Nazareth Panadero, ex bailarina de Pina Bausch, presentó ‘Vive y deja vivir’, un interesante programa de dos coreografías

Una imagen del espectáculo 'Larsen C'.
Una imagen del espectáculo 'Larsen C'.

El mejor espectáculo de danza que se ha visto hasta ahora en el festival Grec de Barcelona ha venido de la mano del creador griego Christos Papadopoulos. Se trata de Larsen C, una magnífica, hermosa, y embriagadora pieza que arrastró al público que llenaba la sala Mac del Mercat de les Flors a un remolino de emociones visuales y gestuales que tardará en olvidar.

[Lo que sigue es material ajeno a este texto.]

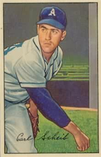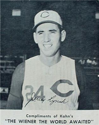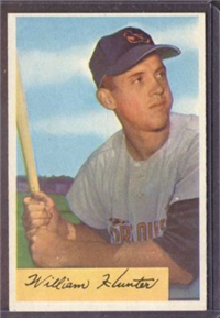 2 5/8" by 3 3/4" Unnumbered. Front: Colorized portraits, player's name, team and position at top, facsimile autograph and color image of package of Wilson Franks. Back: Personal biography, 1953 statistics and career statistics.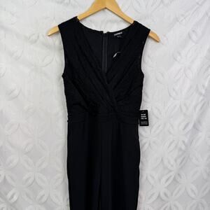 Express Black Lace Faux Wrap Bodice Wide Leg Jumpsuit Size S NWT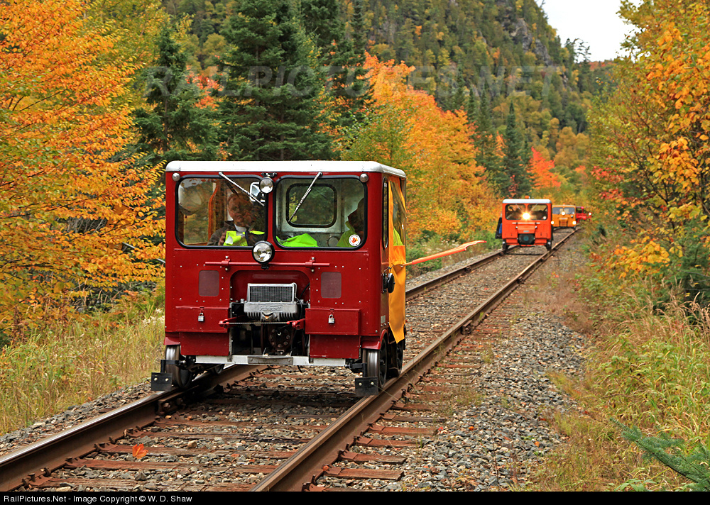 Colorful motor cars parade through a colorful landscape. Loco type correction submitted 2009-10-17, should read Fairmont Speeder. Let's see how long it takes to get done!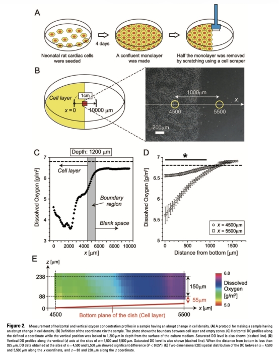 2 測量了垂直氧濃度剖面在特定位點(x=4500μm和5500μm),數據來自圖2D。研究意義在于顯示即使位點間距離僅1毫米,氧剖面也顯著不同,驗證系統能檢測局部細胞密度變化,精度在垂直方向達40-50微米。

Al principio de la obra el gran escenario del teatro está en penumbra, con el telón medio levantado. Uno a uno salen lentamente los seis bailarines que interpretan la obra, 3 hombres y 3 mujeres; todos visten de negro. Sus brazos desnudos son los auténticos protagonistas de Larsen C: largos, esbeltos y muy expresivos. No hay duda de que para interpretar este espectáculo los bailarines fueron elegidos por sus brazos. Cada intérprete se mueve despacio, sus cuerpos están casi quietos, pero los brazos se agitan como alas, y las cabezas lo hacen sincopadamente: parecen aves de un país remoto. Los acertados pasajes sonoros de Giorgios Poulios aceleran o desaceleran sus movimientos. Todo el espectáculo es de corte minimalista y destila una gran poesía. A lo largo de la obra, de unos 60 minutos de duración que pasan como un soplo, cada personaje se acerca a los demás formando grupos hermosos por su distribución en el gran espacio. Siempre despiertan intriga y curiosidad, especialmente por la mirada de los bailarines, una mirada viva y atrayente que en ocasiones coincide con la del espectador.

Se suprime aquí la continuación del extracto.